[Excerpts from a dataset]
++++

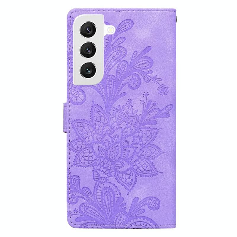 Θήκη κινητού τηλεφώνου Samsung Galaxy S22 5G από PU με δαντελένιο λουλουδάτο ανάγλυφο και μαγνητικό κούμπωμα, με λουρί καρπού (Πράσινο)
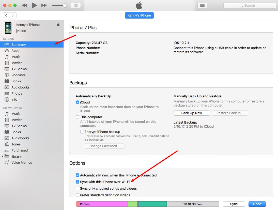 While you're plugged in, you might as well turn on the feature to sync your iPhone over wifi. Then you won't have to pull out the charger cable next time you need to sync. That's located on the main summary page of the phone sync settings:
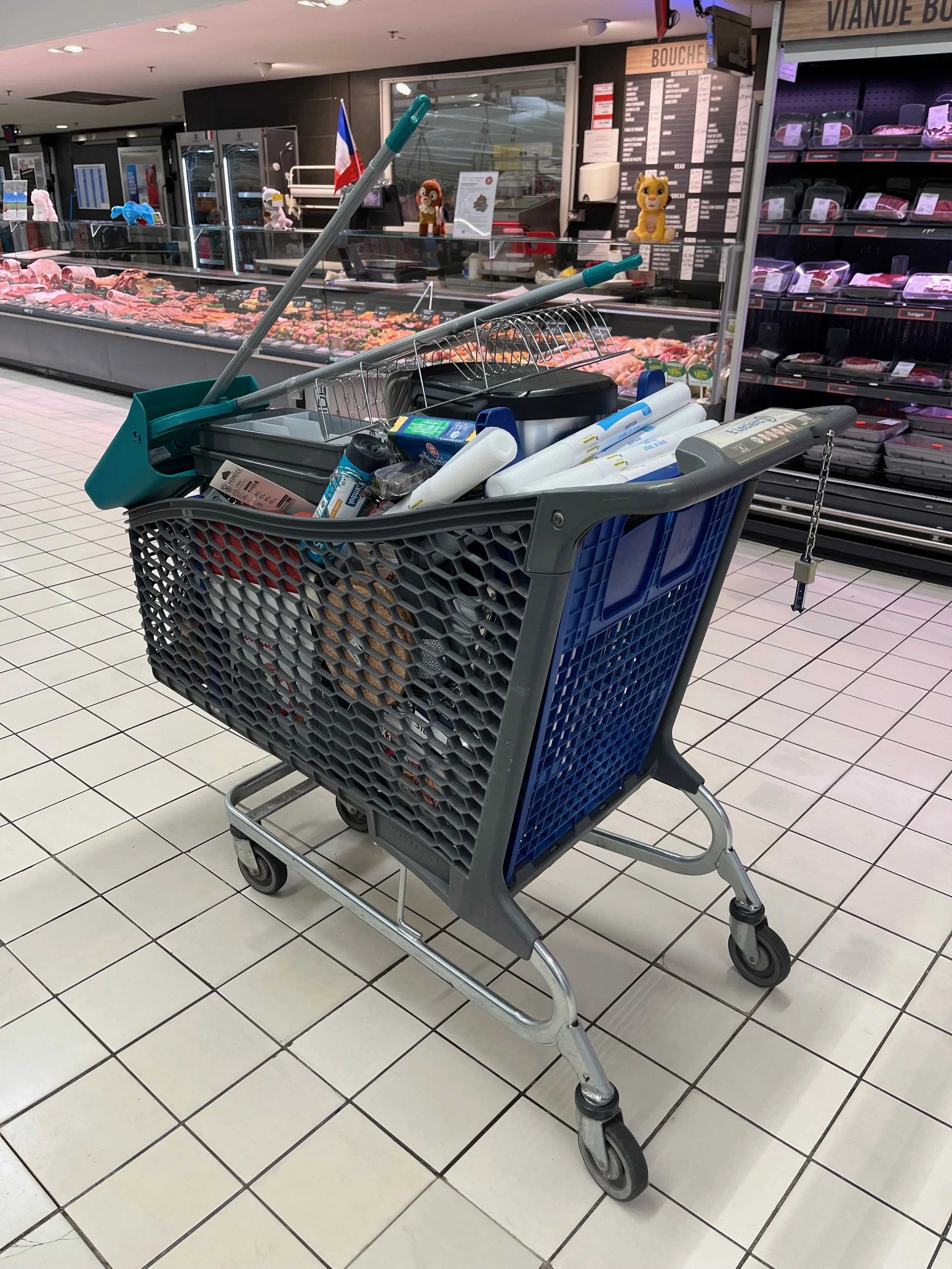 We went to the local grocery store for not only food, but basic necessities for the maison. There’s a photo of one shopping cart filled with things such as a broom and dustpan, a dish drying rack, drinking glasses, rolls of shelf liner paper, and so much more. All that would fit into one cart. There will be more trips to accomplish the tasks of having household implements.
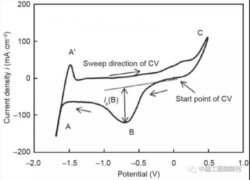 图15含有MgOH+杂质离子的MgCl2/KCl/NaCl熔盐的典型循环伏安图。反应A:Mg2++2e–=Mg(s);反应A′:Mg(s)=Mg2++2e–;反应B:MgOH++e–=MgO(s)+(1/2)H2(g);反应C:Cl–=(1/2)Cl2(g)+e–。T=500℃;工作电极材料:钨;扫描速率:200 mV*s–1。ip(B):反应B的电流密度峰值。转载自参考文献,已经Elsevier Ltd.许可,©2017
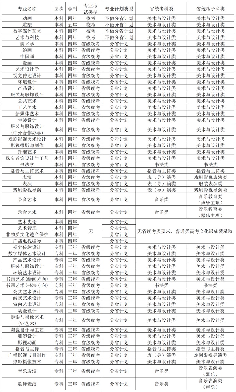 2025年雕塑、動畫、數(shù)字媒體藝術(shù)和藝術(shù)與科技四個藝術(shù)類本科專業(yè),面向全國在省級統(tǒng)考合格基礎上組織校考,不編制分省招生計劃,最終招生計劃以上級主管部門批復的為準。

++++

### [WHAT THIS TASK INVOLVES]
Output all of the entries once more, word for word, with the images removed.

### [ANSWER FOR THE TASK]
 Θήκη κινητού τηλεφώνου Samsung Galaxy S22 5G από PU με δαντελένιο λουλουδάτο ανάγλυφο και μαγνητικό κούμπωμα, με λουρί καρπού (Πράσινο)
 While you're plugged in, you might as well turn on the feature to sync your iPhone over wifi. Then you won't have to pull out the charger cable next time you need to sync. That's located on the main summary page of the phone sync settings:
 We went to the local grocery store for not only food, but basic necessities for the maison. There’s a photo of one shopping cart filled with things such as a broom and dustpan, a dish drying rack, drinking glasses, rolls of shelf liner paper, and so much more. All that would fit into one cart. There will be more trips to accomplish the tasks of having household implements.
 图15含有MgOH+杂质离子的MgCl2/KCl/NaCl熔盐的典型循环伏安图。反应A:Mg2++2e–=Mg(s);反应A′:Mg(s)=Mg2++2e–;反应B:MgOH++e–=MgO(s)+(1/2)H2(g);反应C:Cl–=(1/2)Cl2(g)+e–。T=500℃;工作电极材料:钨;扫描速率:200 mV*s–1。ip(B):反应B的电流密度峰值。转载自参考文献,已经Elsevier Ltd.许可,©2017
 2025年雕塑、動畫、數(shù)字媒體藝術(shù)和藝術(shù)與科技四個藝術(shù)類本科專業(yè),面向全國在省級統(tǒng)考合格基礎上組織校考,不編制分省招生計劃,最終招生計劃以上級主管部門批復的為準。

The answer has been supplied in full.